▶ [Problem statement]
Your task is to repeat the entries exactly. Leave the pictures out.

Stored data entries

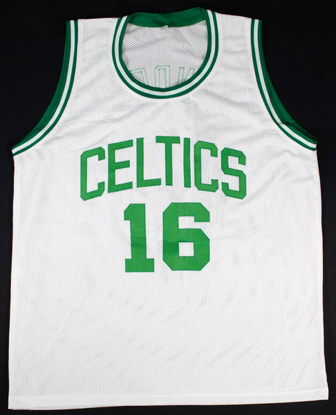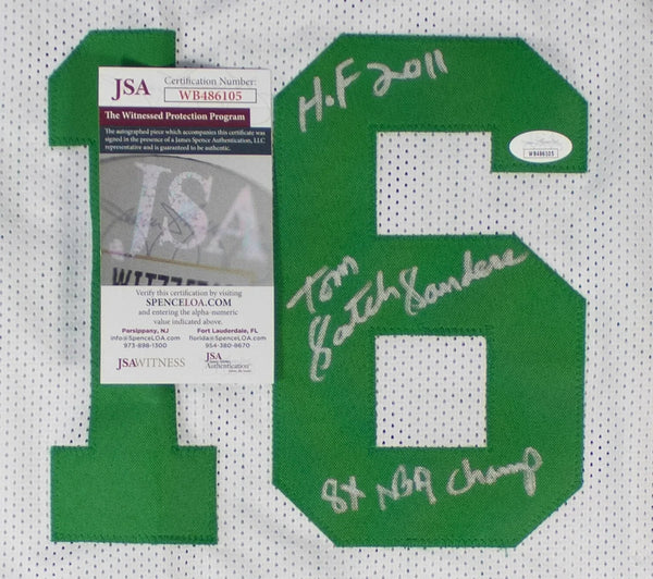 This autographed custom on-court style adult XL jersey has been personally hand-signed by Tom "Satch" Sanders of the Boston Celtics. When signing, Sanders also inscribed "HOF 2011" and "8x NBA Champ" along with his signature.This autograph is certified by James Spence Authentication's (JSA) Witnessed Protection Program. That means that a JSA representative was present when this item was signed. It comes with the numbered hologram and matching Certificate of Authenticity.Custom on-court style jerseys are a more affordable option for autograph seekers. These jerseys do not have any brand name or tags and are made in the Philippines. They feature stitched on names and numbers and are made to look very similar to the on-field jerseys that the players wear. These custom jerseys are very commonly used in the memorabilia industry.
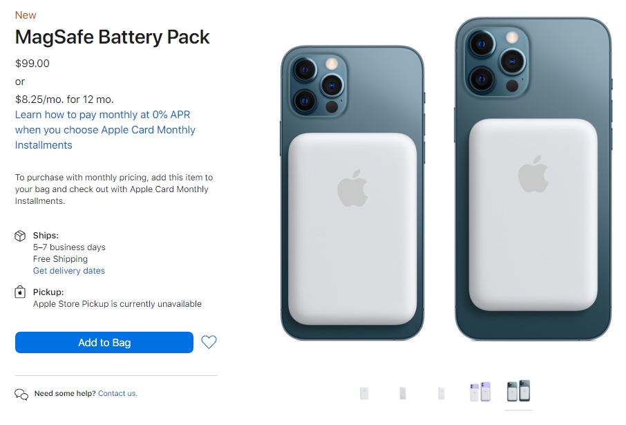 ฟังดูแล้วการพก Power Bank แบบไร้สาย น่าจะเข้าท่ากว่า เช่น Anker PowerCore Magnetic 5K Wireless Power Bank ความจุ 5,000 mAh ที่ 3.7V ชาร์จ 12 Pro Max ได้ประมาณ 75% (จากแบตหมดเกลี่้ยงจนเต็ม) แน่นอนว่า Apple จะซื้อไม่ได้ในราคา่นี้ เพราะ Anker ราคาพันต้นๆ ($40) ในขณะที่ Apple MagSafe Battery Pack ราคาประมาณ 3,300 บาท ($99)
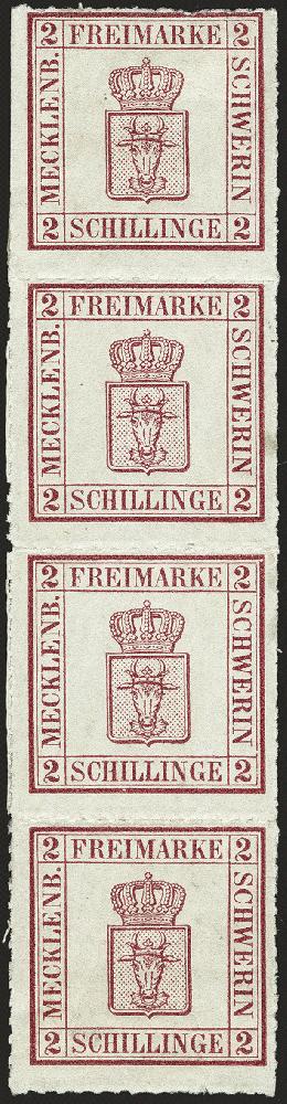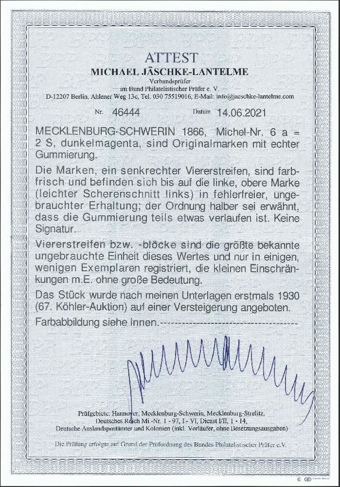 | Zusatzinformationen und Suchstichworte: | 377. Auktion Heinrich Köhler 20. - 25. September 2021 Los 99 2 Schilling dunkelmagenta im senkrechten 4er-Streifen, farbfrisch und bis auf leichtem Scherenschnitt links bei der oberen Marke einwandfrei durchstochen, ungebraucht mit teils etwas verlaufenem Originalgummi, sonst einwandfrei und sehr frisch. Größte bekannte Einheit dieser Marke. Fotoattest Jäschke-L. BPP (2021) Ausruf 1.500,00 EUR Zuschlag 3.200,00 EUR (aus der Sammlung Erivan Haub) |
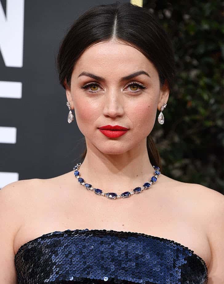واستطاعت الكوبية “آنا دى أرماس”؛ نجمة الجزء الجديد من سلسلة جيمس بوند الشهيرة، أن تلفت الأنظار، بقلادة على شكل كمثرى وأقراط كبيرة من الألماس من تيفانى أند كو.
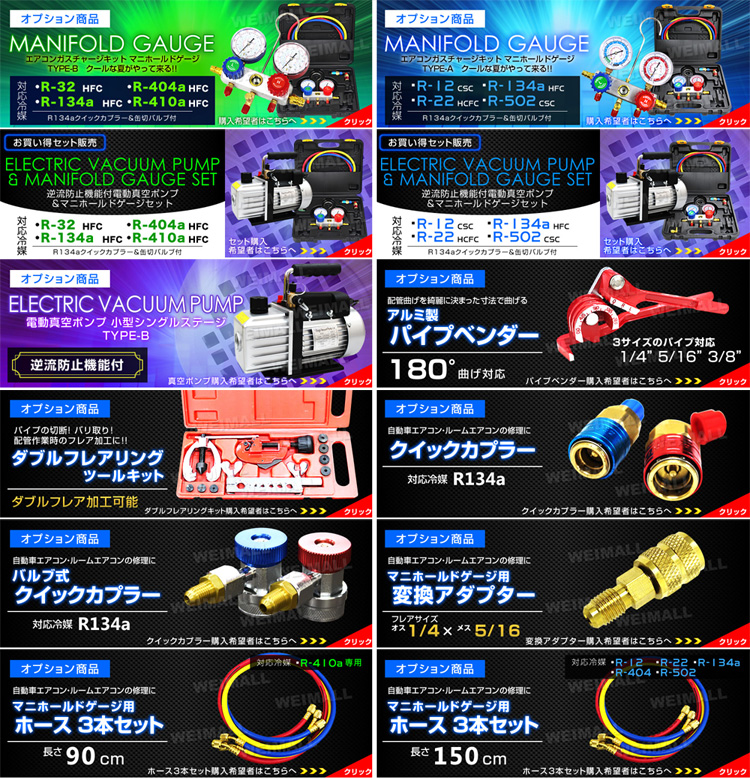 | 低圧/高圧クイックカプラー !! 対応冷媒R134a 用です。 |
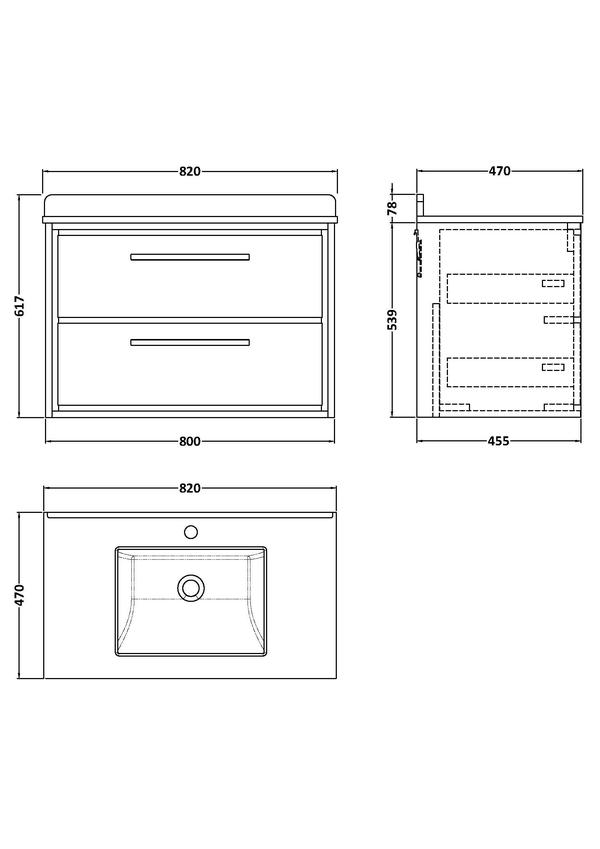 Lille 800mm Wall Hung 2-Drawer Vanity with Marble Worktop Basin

▶ [Result of the task]
 This autographed custom on-court style adult XL jersey has been personally hand-signed by Tom "Satch" Sanders of the Boston Celtics. When signing, Sanders also inscribed "HOF 2011" and "8x NBA Champ" along with his signature.This autograph is certified by James Spence Authentication's (JSA) Witnessed Protection Program. That means that a JSA representative was present when this item was signed. It comes with the numbered hologram and matching Certificate of Authenticity.Custom on-court style jerseys are a more affordable option for autograph seekers. These jerseys do not have any brand name or tags and are made in the Philippines. They feature stitched on names and numbers and are made to look very similar to the on-field jerseys that the players wear. These custom jerseys are very commonly used in the memorabilia industry.
 ฟังดูแล้วการพก Power Bank แบบไร้สาย น่าจะเข้าท่ากว่า เช่น Anker PowerCore Magnetic 5K Wireless Power Bank ความจุ 5,000 mAh ที่ 3.7V ชาร์จ 12 Pro Max ได้ประมาณ 75% (จากแบตหมดเกลี่้ยงจนเต็ม) แน่นอนว่า Apple จะซื้อไม่ได้ในราคา่นี้ เพราะ Anker ราคาพันต้นๆ ($40) ในขณะที่ Apple MagSafe Battery Pack ราคาประมาณ 3,300 บาท ($99)
 | Zusatzinformationen und Suchstichworte: | 377. Auktion Heinrich Köhler 20. - 25. September 2021 Los 99 2 Schilling dunkelmagenta im senkrechten 4er-Streifen, farbfrisch und bis auf leichtem Scherenschnitt links bei der oberen Marke einwandfrei durchstochen, ungebraucht mit teils etwas verlaufenem Originalgummi, sonst einwandfrei und sehr frisch. Größte bekannte Einheit dieser Marke. Fotoattest Jäschke-L. BPP (2021) Ausruf 1.500,00 EUR Zuschlag 3.200,00 EUR (aus der Sammlung Erivan Haub) |
واستطاعت الكوبية “آنا دى أرماس”؛ نجمة الجزء الجديد من سلسلة جيمس بوند الشهيرة، أن تلفت الأنظار، بقلادة على شكل كمثرى وأقراط كبيرة من الألماس من تيفانى أند كو.
 | 低圧/高圧クイックカプラー !! 対応冷媒R134a 用です。 |
 Lille 800mm Wall Hung 2-Drawer Vanity with Marble Worktop Basin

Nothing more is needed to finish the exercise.